Dosmatic U.S.A., Inc. (also known as Dosmatic) is a Texas-based company which manufactures dosing pumps, fertigators, medicators and chemical injectors.

Dosmatic U.S.A. International, Inc. was founded in 1981 by Frank Walton as a small sales company for chemical injectors. Since then, Dosmatic became the leading manufacturer of non-electric, fluid-driven proportional injection technology.
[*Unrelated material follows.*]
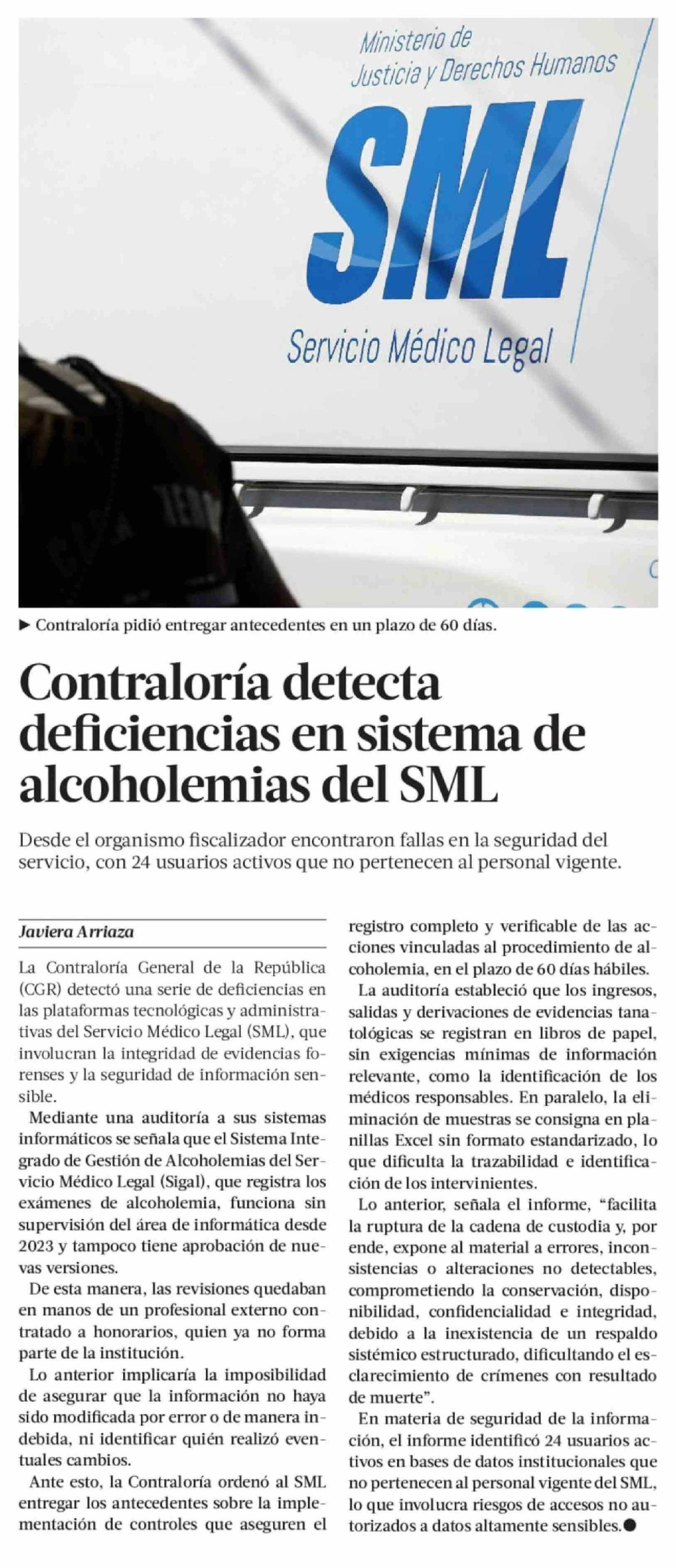 Contraloría detecta deficiencias en sistema de alcoholemias del SML
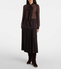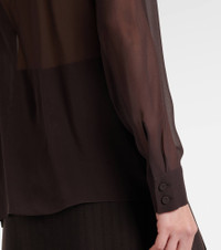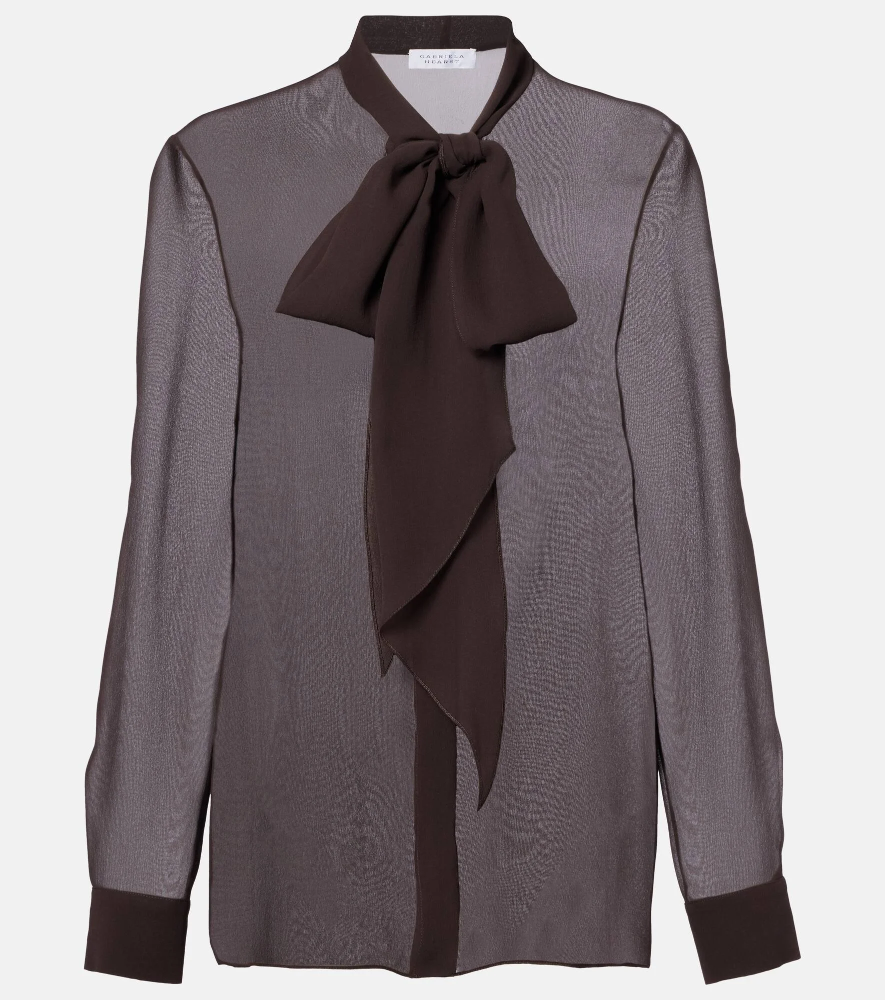 Gabriela Hearst's designs are all carefully constructed, showcasing an uncompromising dedication to quality and craft. The Shildon blouse is crafted from silk with a tie-neck detail. Product Details - Material: 100% silk - Care instructions: dry clean - Made in Italy - Designer color name: Chocolate - Item color: brown - Self-tie collar - Cuff: two buttons - Closure: buttoned placket - Item number: P01085854 Size & Fit - True to size - Sheer - Straight fit - Non-stretchy fabric - Falls to the hip - Height of model is 177cm-69.5" and wears a size IT 40

Dosmatic has been the provider to OEMs, distributors and service centers throughout the world.

Dosmatic manufactured injectors and pumps for the following market applications: animal health, bio-decontamination, diesel fuel additives, firefighting and fire prevention, food processing, golf course management, horticulture, pest control, printing, vehicle wash, waste-water treatment and other specialty applications.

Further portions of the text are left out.